Unlike direct ByteBuffer I/O FileInputStream.read cannot load data directly into Java byte array. It needs to get data into some native buffer first, and then copy it to Java using JNI SetByteArrayRegion function.

So we have to look at the native implementation of FileInputStream.read. It comes down to the following piece of code in io_util.c:

    if (len == 0) {
        return 0;
    } else if (len > BUF_SIZE) {
        buf = malloc(len);
        if (buf == NULL) {
            JNU_ThrowOutOfMemoryError(env, NULL);
            return 0;
        }
    } else {
        buf = stackBuf;
    }

Here BUF_SIZE == 8192. If the buffer is larger than this reserved stack area, a temporary buffer is allocated by malloc. On Windows malloc is usually implemented via HeapAlloc WINAPI call.

Next, I measured the performance of HeapAlloc + HeapFree calls alone without file I/O. The results were interesting:

     128K:    5 μs
     256K:   10 μs
     384K:   15 μs
     512K:   20 μs
     640K:   25 μs
     768K:   29 μs
     896K:   33 μs
    1024K:  316 μs  <-- almost 10x leap
    1152K:  356 μs
    1280K:  399 μs
    1408K:  436 μs
    1536K:  474 μs
    1664K:  511 μs
    1792K:  553 μs
    1920K:  592 μs
    2048K:  628 μs

As you can see, the performance of OS memory allocation drastically changes at 1MB boundary. This can be explained by different allocation algorithms used for small chunks and for large chunks.

UPDATE

The documentation for HeapCreate confirms the idea about specific allocation strategy for blocks larger than 1MB (see dwMaximumSize description).

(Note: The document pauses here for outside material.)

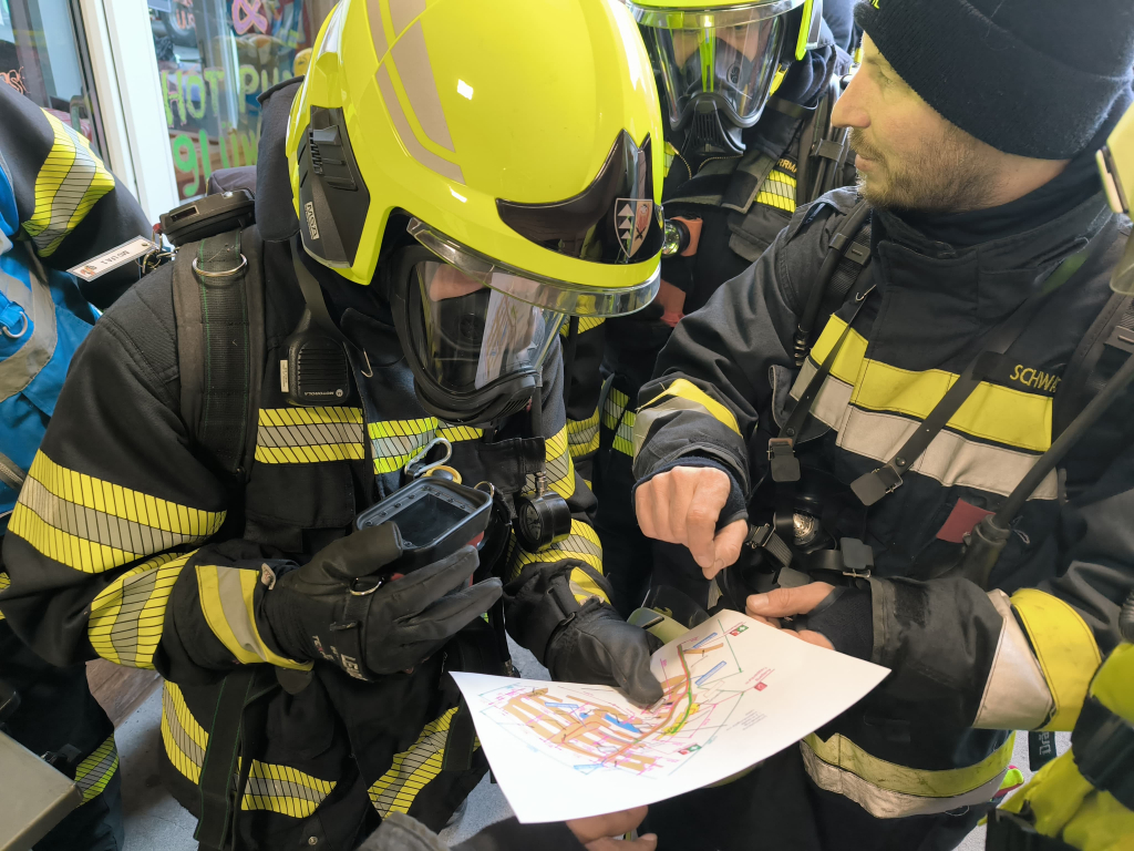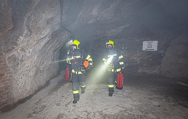 Unverzüglich wurden mehrere Atemschutztrupps gebildet, wobei seitens der Freiwilligen Feuerwehr Gaaden acht Atemschutzgeräteträger gestellt wurden. Die Orientierung, Sicherung des Rückzugsweges sowie die Suche nach dem Brandherd gestalteten sich aufgrund der massiven Rauchentwicklung mit damit verbundener Nullsicht und den verzweigten Stollengängen äußerst schwierig. Diese Situation verlangte von den eingesetzten Feuerwehrmitgliedern höchste Konzentration sowie große körperliche Belastbarkeit.

Also, the largest memory block that can be allocated from the heap is slightly less than 512 KB for a 32-bit process and slightly less than 1,024 KB for a 64-bit process.

...

Requests to allocate memory blocks larger than the limit for a fixed-size heap do not automatically fail; instead, the system calls the VirtualAlloc function to obtain the memory that is needed for large blocks.

Optimal Buffer size for read-process-write

See what Microsoft has to say about IO size: http://technet.microsoft.com/en-us/library/cc938632.aspx. Basically, they say you should probably do IO in 64K blocks.

On *NIX platforms, struct stat has a st_blksize member which says what should be a minimal IO block size.